Give the lines again exactly as they appear below, from the line with "卧室里专门打造一个电视柜很不" to the line with "Light, airy shirts", both included, and only those lines. Leave every picture out.

◇ ◇ ◇

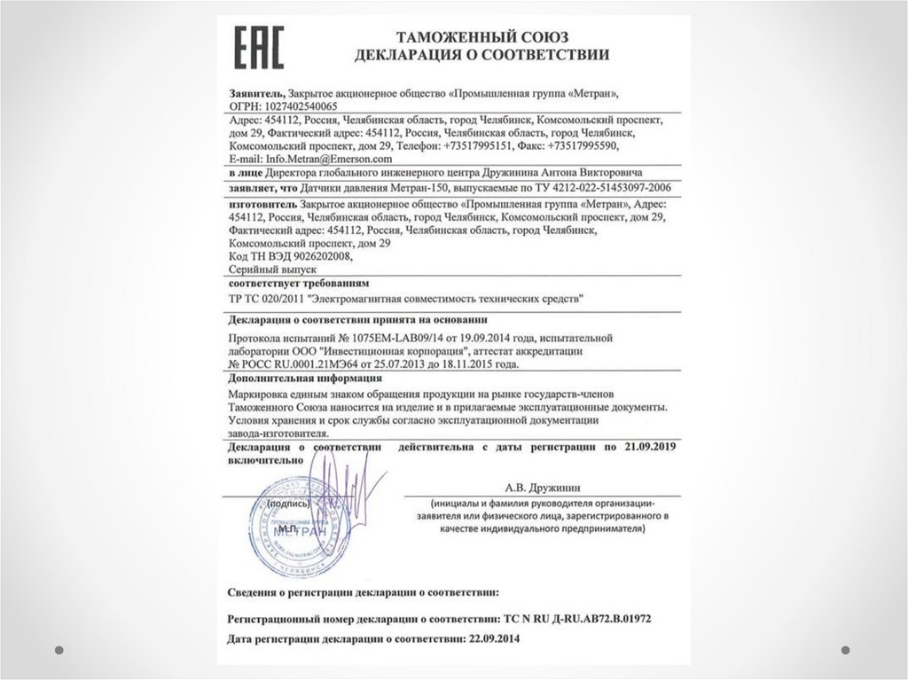 Декларация на датчики давления Метран-150 есть официальныйдокумент, констатирующий соответствие товара положениям
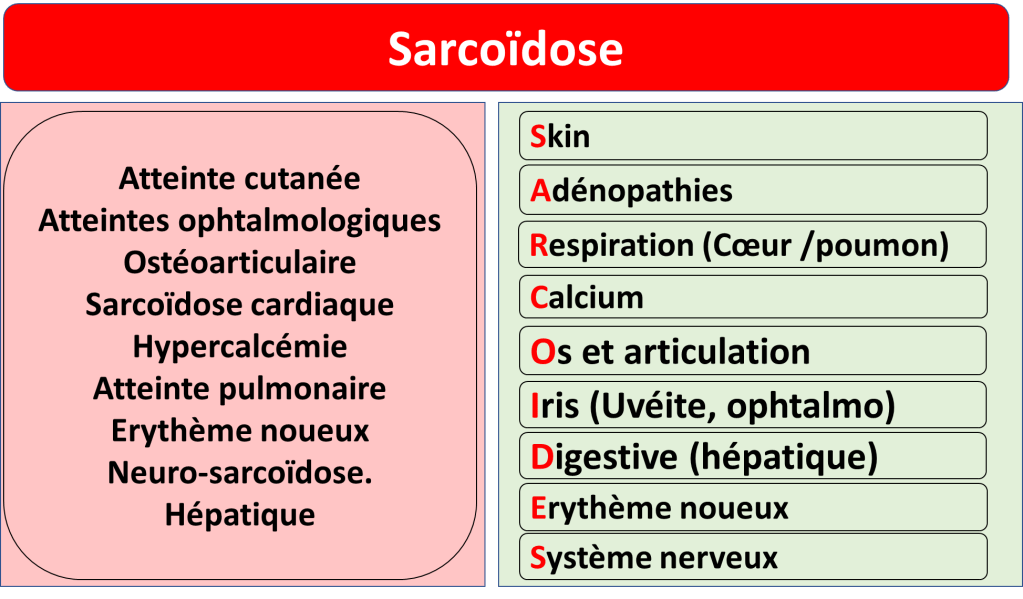 - Permet de retenir des choses sans logique (que la personne qui peut expliquer la logique de pourquoi la sarcoïdose touche ces organes là et pas les autres m’envoie un mail !) comme c’est le cas dans plein de maladies notamment systémiques.
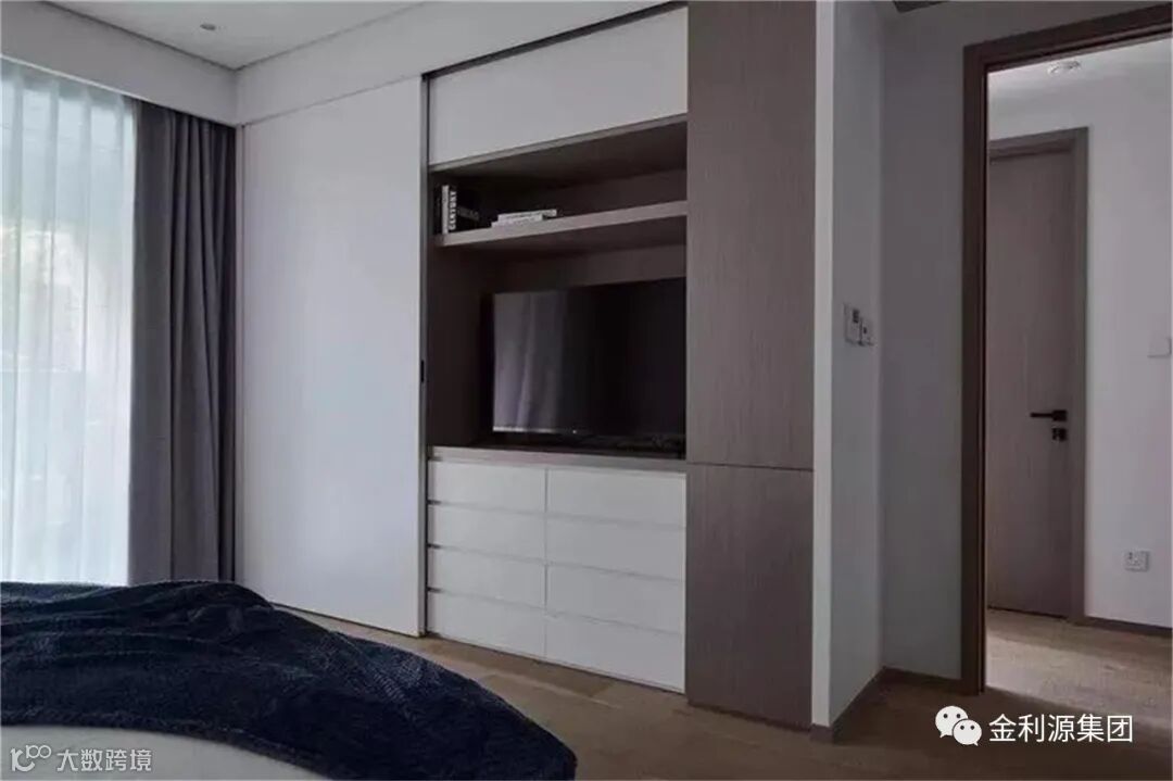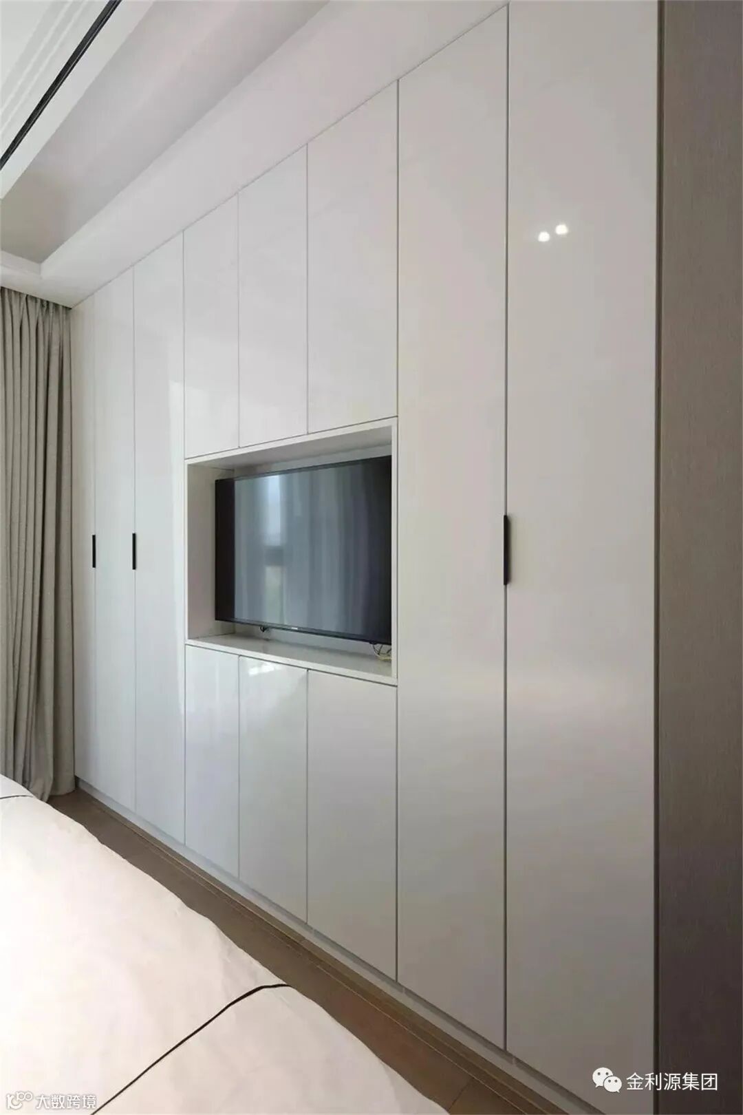 卧室里专门打造一个电视柜很不实用,这时候可以将衣柜和电视柜组合起来,整墙设计成收纳柜,让电视柜内嵌其中,既保持了原来的电视柜功能,又融入了衣柜的设计,简单又美观。
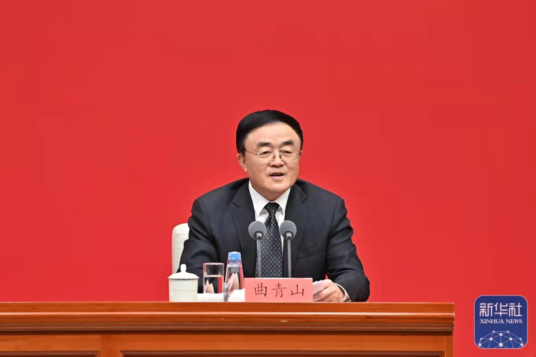 ▲中央党史和文献研究院院长曲青山回答记者提问
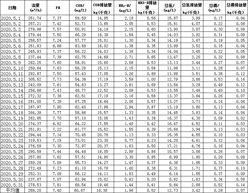水在線監(jiān)測月報表(5月份)
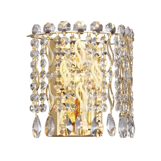 Корпус светильника из металла, покрытый золотой гальваникой,подвески из прозрачного хрусталя высшего качества.Доступен в хроме код- 2049-1W.
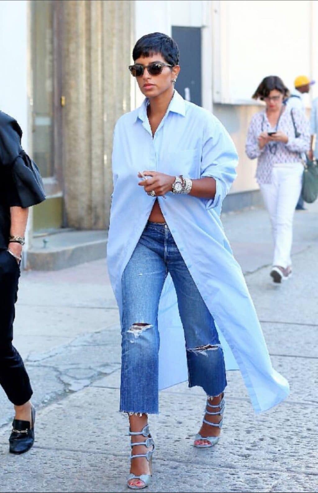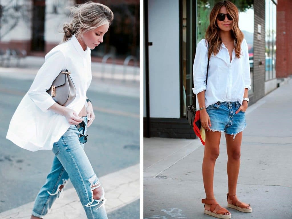 Light, airy shirts in a delicate palette will be a great choice. If there is a belt in such models, this will be an additional advantage. One of the most successful combinations is a white, long shirt and blue jeans.
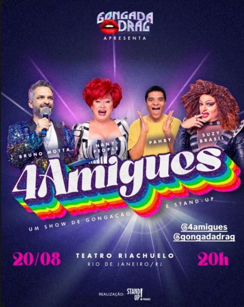 Com a mesma ousadia que transformou Gongada Drag em um sucesso absoluto de bilheteria, “4 Amigues” chega para reafirmar que rir é também um ato de resistência e união. É o tipo de evento que não se limita a entreter: ele conecta pessoas, rompe barreiras e mostra que a comédia, quando abraça todas as vozes, se torna ainda mais poderosa.
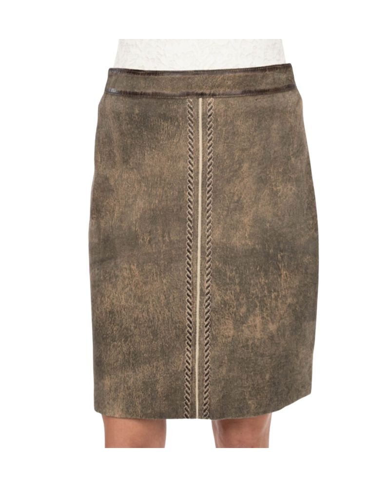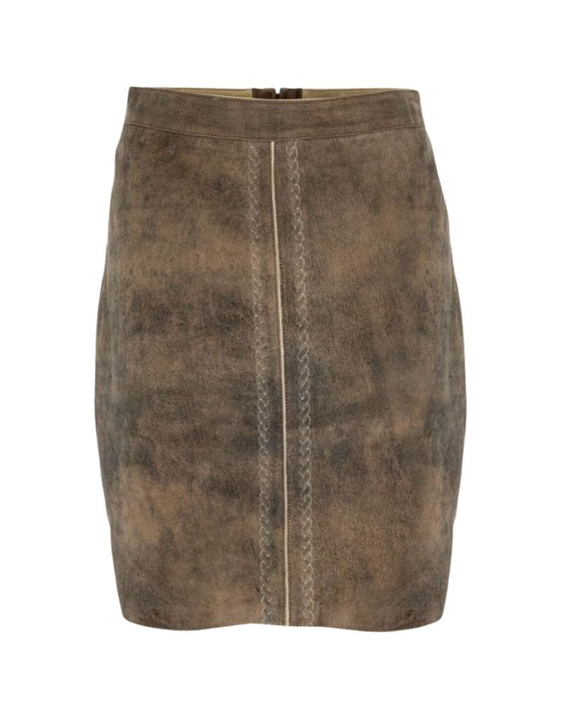 Step into a world where tradition meets refined style. The Helmine taupe brown braided-trim leather skirt is a timeless piece that tells a story of Bavarian heritage and artisanal skill. Add it to your collection today and make every occasion unforgettable.

◇ ◇ ◇

Exercise answer:
 卧室里专门打造一个电视柜很不实用,这时候可以将衣柜和电视柜组合起来,整墙设计成收纳柜,让电视柜内嵌其中,既保持了原来的电视柜功能,又融入了衣柜的设计,简单又美观。
 ▲中央党史和文献研究院院长曲青山回答记者提问
水在線監(jiān)測月報表(5月份)
 Корпус светильника из металла, покрытый золотой гальваникой,подвески из прозрачного хрусталя высшего качества.Доступен в хроме код- 2049-1W.
 Light, airy shirts in a delicate palette will be a great choice. If there is a belt in such models, this will be an additional advantage. One of the most successful combinations is a white, long shirt and blue jeans.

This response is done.